Of the 107 consecutive patients studied, 95 (89%) healed overall, 50 (47%) had healed in 12 weeks and the mean healing rate was a 10% decrease in ulcer area per week. Amongst all variables examined, comorbid congestive heart failure (CHF) was the only factor independently predictive of all measured outcomes of failure to heal overall, delayed healing at 12 weeks, and reduced healing rate. Ulcer infection at presentation, longer duration of antibiotic use, and liver enzyme abnormalities of raised ALT and AST:ALT<1 (each suggestive of non-alcoholic fatty liver disease), were also predictive of poor ulcer outcomes.

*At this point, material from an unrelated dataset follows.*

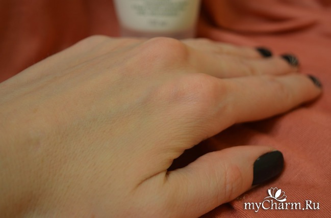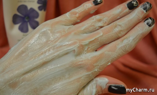 Распределяется маска по коже рук легко, без комков. Консистенция однородная. Необходимо наносить достаточно толстым слоем, так как продукт имеет хорошую впитываемость кожными покровами.

Comorbid congestive cardiac failure is predictive of delayed foot ulcer healing rate as well as a lower probability of healing overall. Liver enzyme abnormalities also predicted delayed ulcer healing outcomes. The mechanisms underlying these associations with foot ulcer outcomes in diabetes are unclear. Further studies are needed to determine the role of systematic routine documentation of heart failure and its severity, and then targeting of heart failure to potentially aid the management of foot ulcers in diabetes.
本回顾性研究旨在调查已确定的和较少被深入研究的因素,作为溃疡愈合失败和延迟愈合的潜在预测变量。

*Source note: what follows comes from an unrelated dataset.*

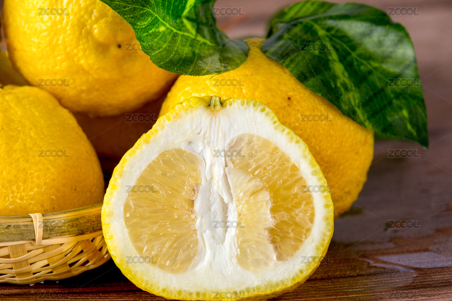 金柚和剝開果肉帶綠葉子放鋪麻布木板上

连续就诊于多学科高危足病诊所并随后在该诊所接受治疗的1型或2型糖尿病足溃疡患者,随访至溃疡愈合、截肢或死亡。数据包括每次就诊时的前瞻性标准化记录以及从医院记录中进行的回顾性收集,内容包括患者人口统计学资料、合并症、实验室变量,以及每次就诊时溃疡的感染情况、深度和面积。采用多元回归分析来确定愈合失败和延迟愈合的独立预测因素。
在研究的107例连续患者中,95例(89%)总体愈合,50例(47%)在12周内愈合,平均愈合率为每周溃疡面积减少10%。在所有检查的变量中,合并充血性心力衰竭(CHF)是唯一独立预测总体愈合失败、12周延迟愈合和愈合率降低等所有测量结果的因素。就诊时的溃疡感染、抗生素使用时间延长以及谷丙转氨酶(ALT)和谷草转氨酶(AST)升高且AST:ALT<1(每项均提示非酒精性脂肪性肝病)的肝酶异常,也可预测溃疡预后不良。
合并充血性心力衰竭可预测足部溃疡愈合延迟以及总体愈合概率降低。肝酶异常也可预测溃疡愈合延迟的结果。糖尿病中这些与足部溃疡预后相关的关联机制尚不清楚。需要进一步研究以确定心力衰竭及其严重程度的系统常规记录的作用,然后针对心力衰竭进行治疗,可能有助于糖尿病足部溃疡的管理。